Differentiability is an essential concept in calculus. It tells us about the smoothness of a function. When a function is differentiable at a point, it means we can find its derivative at that point. This derivative gives us a precise rate of change or slope at any given location on the function's curve.
To say a function is differentiable everywhere, like in our exercise, means we can do this process at every point in its domain. This ensures there are no sharp turns or corners. If a function isn't differentiable at a certain point, it might still be continuous there, but with a corner or cusp, it won't have a clear slope.
In our specific exercise, differentiability at zero is crucial because it sets the foundation for testing if the function could be linear, which would have a constant slope throughout its span.

A linear function is one of the simplest types of functions. It is represented by the equation:
\[ f(x) = mx + c \]
where \( m \) is the slope and \( c \) is the y-intercept. Linear functions have a constant rate of change. This means that the graph of a linear function forms a straight line.
The concept of linearity comes in handy when studying functional equations, as in the problem given. The initial analysis may lead you to consider that the solution is a linear function due to how differentiability interacts with constant rates or slopes.
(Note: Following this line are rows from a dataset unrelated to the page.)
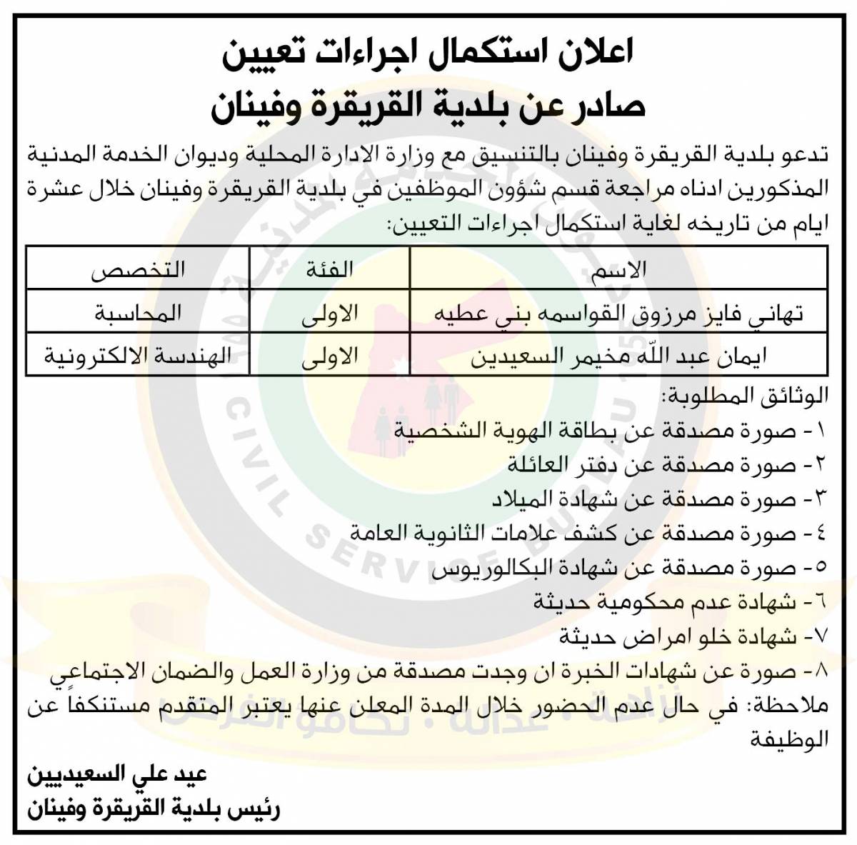 وظائف شاغرة ومدعوون للتعيين - أسماء
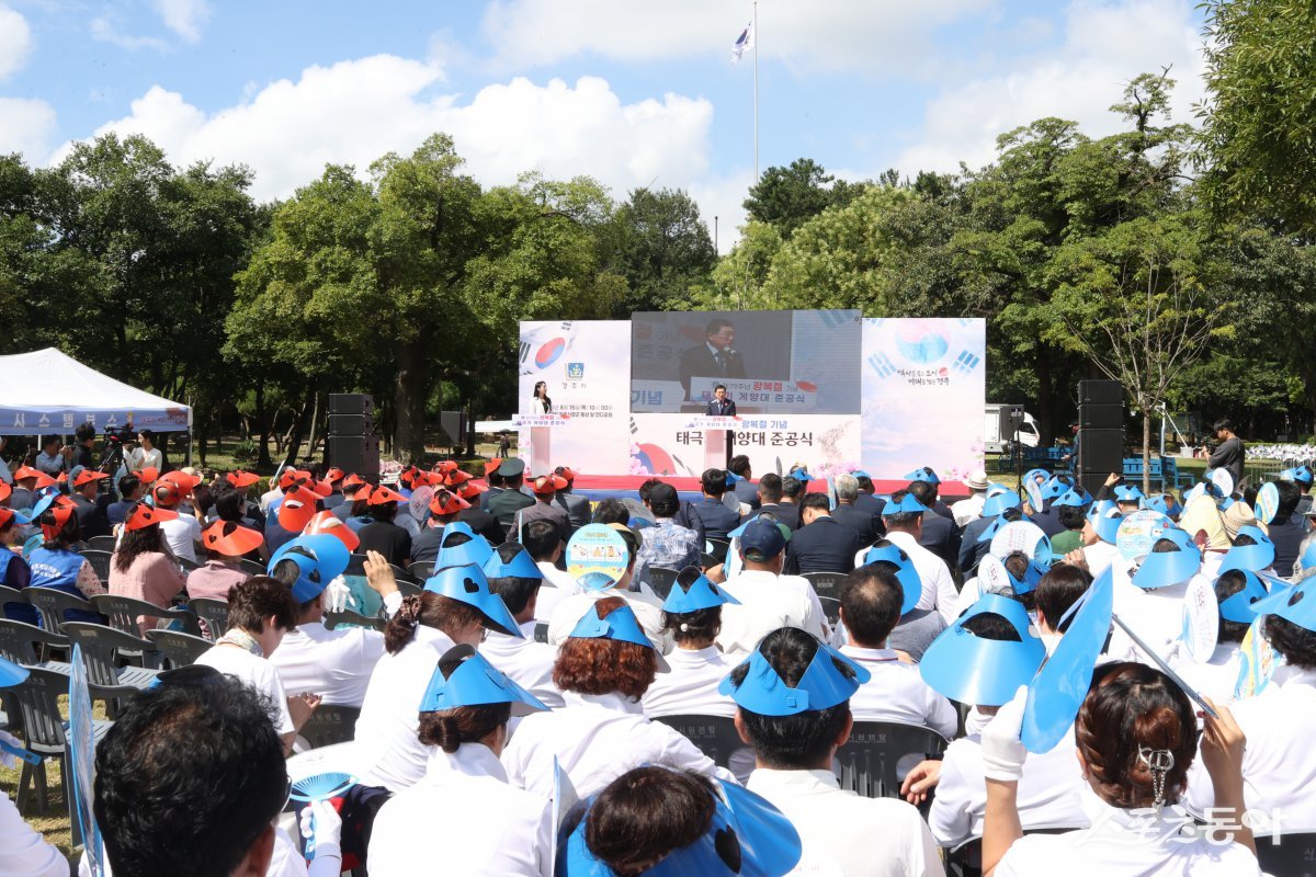이날 황성공원 내 독산 국기게양대 앞에서 열린 행사는 제79회 광복절과 최근 공사가 마무리된 국기게양대 준공을 기념하기 위해 마련됐다.
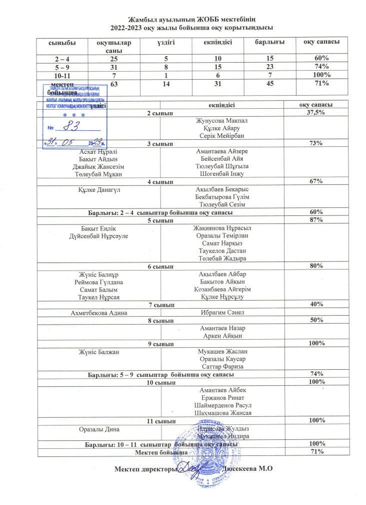 2022-2023 оқу жылының оқу сапасы
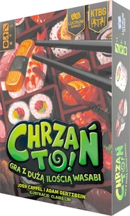 happy hours!!W grze Chrzań to!, rywalizujecie ze sobą o możliwość realizowania najbardziej prestiżowych zamówień na rolki sushi i dania kuchni japońskiej. Możecie skupiać się na ilości, realizując jak najwięcej mniejszych i tańszych zamówień, albo zaryzykować i wykonać mniej, ale za to bardziej wartościowych (pod względem punktów zwycięstwa) dań. W każdej turze będziecie dodawać na planszę nowe płytki składników, powodując, że wasza przestrzeń będzie się zmniejszać wraz z upływem gry. Waszym zadaniem będzie zatem tak układać te płytki, aby zachować jak najbardziej optymalny dla siebie układ, pozwalający zaserwować jak najwięcej dań jedocześnie. Realizujcie przepisy i serwujcie nawet najtrudniejsze dania, używając znanych najlepszym szefom kuchni technik zawartych na kartach akcji, aby ułatwiać sobie zadanie.

• Constant slope: The function increases or decreases at a consistent rate.
• Form of the line: Clearly, a straight line indicates no change in the slope.
• Simple graphing: These functions are predictable and easy to work with.

In the exercise's context, if \( f(x) = mx \), the properties of linear functions ensure it satisfies the given conditions.

Polynomial functions are more complex than linear functions. They consist of terms that are powers of \( x \), like \( f(x) = ax^n + bx^{n-1} + \, \ldots \, + d \). The degree of the highest power determines the polynomial's degree.
These functions can be linear (degree 1), quadratic (degree 2), cubic (degree 3), and so on. Each degree has varied curves and forms, giving unique behavior regarding roots and symmetry.
In the current problem, you might initially consider both linear and polynomial forms, given the differentiability condition, but ultimately, a linear function becomes most fitting due to constraints posed by differentiability and the functional equation's symmetry.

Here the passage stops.